Danish prime minister’s New Year’s speeches framed by controversial 19th-century paintings
A wealthy businessman had a deliberate political motive when he bequeathed his extensive collection of L.A. Ring paintings to the Danish state, ensuring the works would surround the prime minister’s daily life, reports DR.
In both 2020 and 2021, Danish Prime Minister Mette Frederiksen delivered her New Year’s address with L.A. Ring’s 1885 painting I høst (In Harvest) prominently displayed behind her. The work depicts an exhausted farmer in tattered clothing facing an endless field—a stark contrast to the idealised rural scenes that dominated 19th-century Danish art.
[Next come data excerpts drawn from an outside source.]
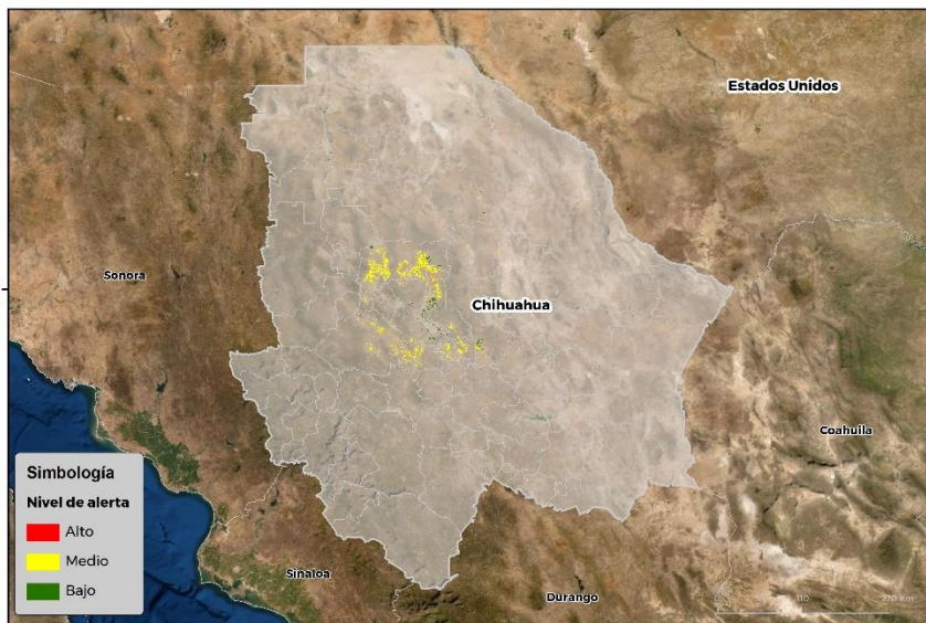
Nivel de alerta por Conchuela del frijol en Chihuahua

Se identifica que la plaga tiene bajas condiciones para comenzar su desarrollo debido a que se identificaron 15 municipios en riesgo fitosanitario medio (Anexo 1)
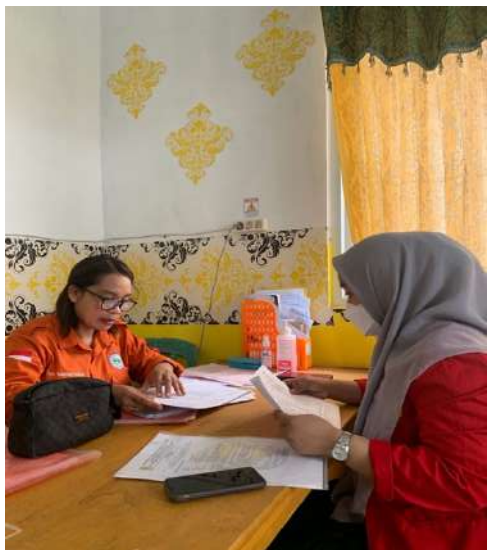
BIDAN PENANGGUNG JAWAB PELAYANAN KB
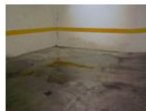
Dégat des eaux

Or, à l'arrivée de l'hiver, les problématiques liées à l'humidité sont considérablement amplifiées, d'une part en raison des conditions météorologiques et de la baisse des températures, et d'autre part parce que nous passons plus de temps à l'intérieur mais aérons moins les maisons et appartements.

Peter Nørgaard Larsen, senior researcher at Denmark’s National Gallery (Statens Museum for Kunst), explains that Ring’s unflinching portrayals of poverty broke sharply with tradition. “Everything in Danish art looked neat—until L.A. Ring. Suddenly it was ugly, absurd, grotesque. For him, it was essential to show that the world can be harsh,” Larsen says. “The wealthy elite, used to decorative paintings of happy peasants, were shocked. Many saw his work as left-wing propaganda.”
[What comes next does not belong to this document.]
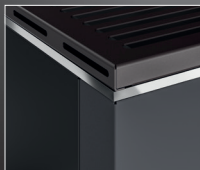
Dettaglio profili cromati

The collection’s donor, businessman O.P. Christensen—who, like Ring, had risen from rural poverty—stipulated in his 1950s will that the 31 Ring paintings should hang in the Prime Minister’s Office and official residence, Marienborg. “He wanted every sitting prime minister to confront this reality daily, to govern with the struggling population in mind,” Larsen notes.
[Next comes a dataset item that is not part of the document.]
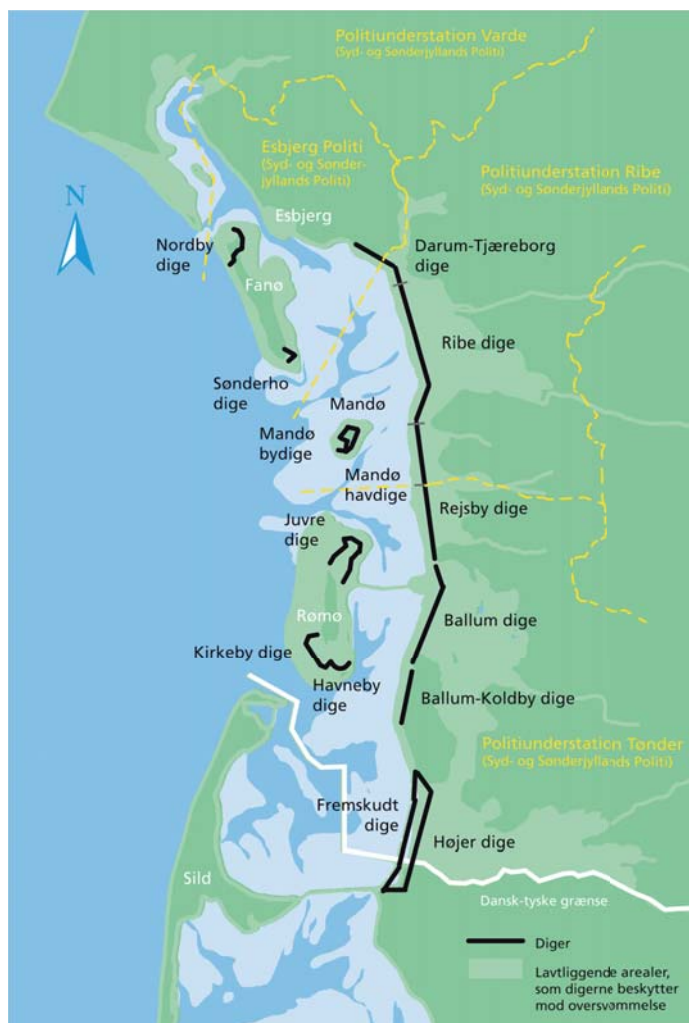
Figur 3.2 Oversigt over diger i den danske del af Vadehavet (Kystdirektoratet)

Stormfloderne følger derimod ikke en regelmæssig rytme og kan kun varsles nogle få dage før de indtræffer. Der findes ingen præcis tal på de menneskeliv og dyreliv, stormfloderne har taget over flere århundreder. Alene under stormfloden i oktober 1634 skal over 500 menneskeliv være omkommet mellem Tønder og Ribe. Flere landsbyer blev udslettet på en nat.

Ring’s raw social realism, including monumental canvases like I høst (measuring 190 x 154 cm), redefined Danish art by centring the rural poor as heroic yet trapped figures. His influence extended to contemporaries like H.A. Brendekilde and Erik Henningsen, whose works—such as Udslidt (Worn Out, 1889), depicting a screaming farm wife, and Den højeste ret (The Highest Justice, 1886), showing the exhumation of an infant’s corpse—laid bare the era’s brutal inequalities.